In the 1965 elections he was re-elected for the 1965–1969 term. He joined the Commissions of Interior Police and Rules; Internal Government; Agriculture and Colonization; Finance; Internal Regime, Administration and Rules; Foreign Relations; the Joint Budget Commission; and the Special Investigative Commission on automobiles and televisions (1965–1966). Between 1965 and 1966 he was a member of the Christian Democratic Parliamentary Committee. On 14 May 1968 he was elected First Vice President of the Chamber of Deputies, a position he held until 4 June 1969.

In the 1969 elections he was again elected for the 1969–1973 term. He was part of the Commissions of Foreign Relations; the Joint Budget Commission; and the Constitutional Accusation against the Minister of the Interior (1969–1970).

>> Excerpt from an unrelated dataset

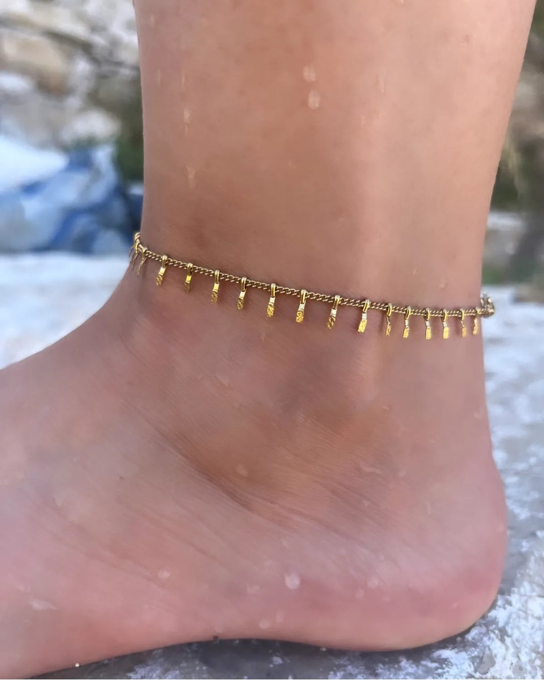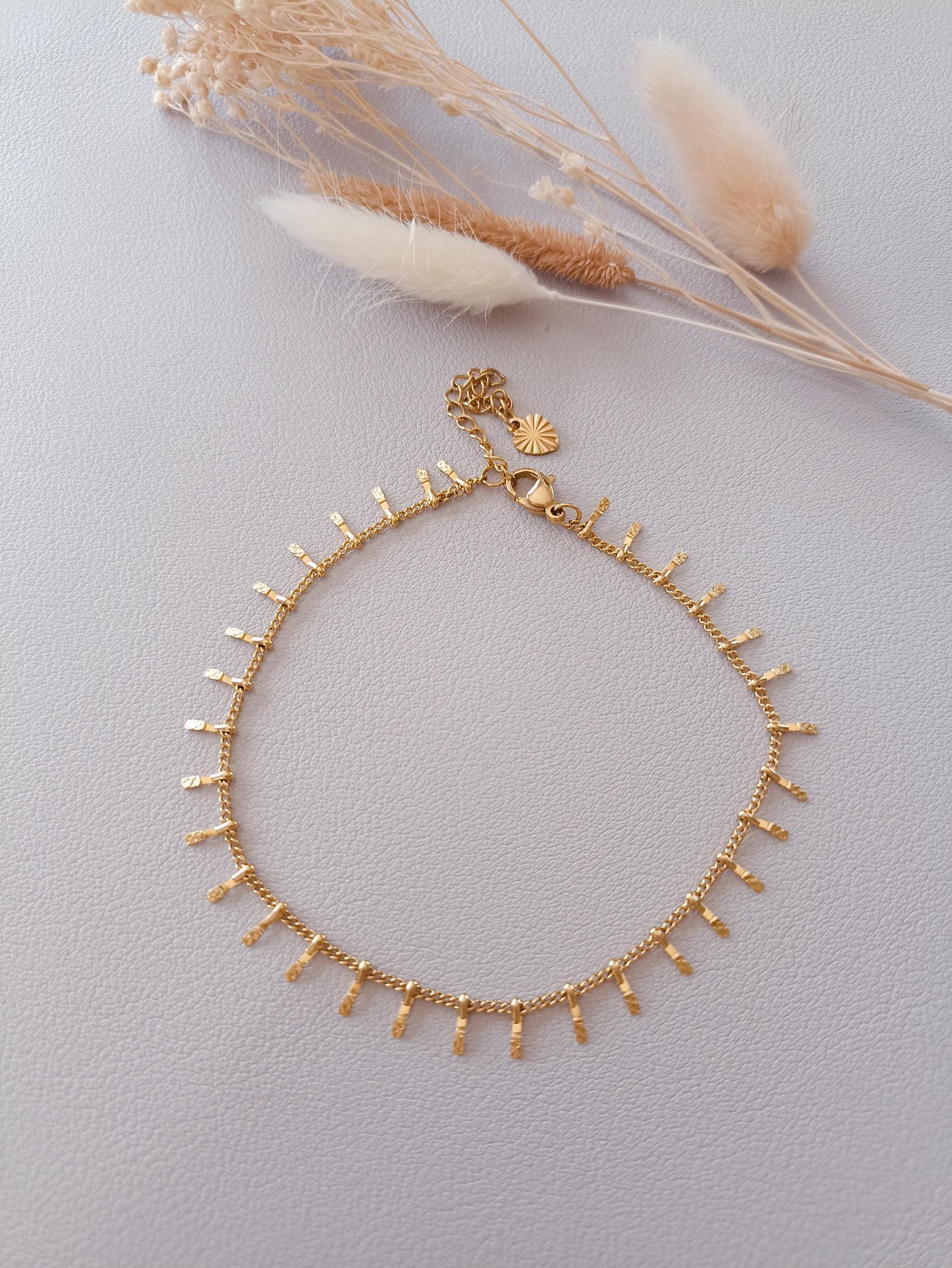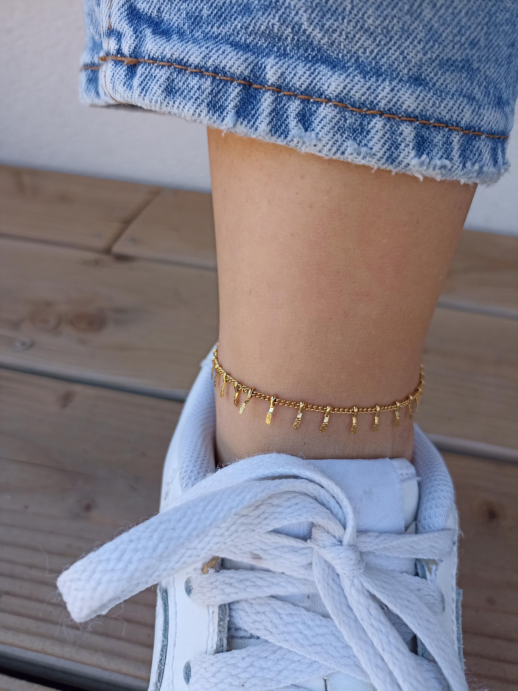 Découvrez Giulia, une chaîne de cheville élégante et résistante, ornée de délicats clous dorés écrasés qui se balancent gracieusement à chaque pas. Portez Giulia et laissez vos chevilles briller sous le soleil d'été.

In 1971, Videla left the Christian Democrats and joined the Christian Left, which became part of the Unidad Popular coalition.

===Legislative work===
Among the bills he sponsored that became law were Law No. 15.966 (12 December 1964) on prenatal family allowance for private sector employees and workers, and Law No. 16.588 (19 January 1967) authorizing a loan for the municipalities of San Antonio, Cartagena, Navidad and El Tabo.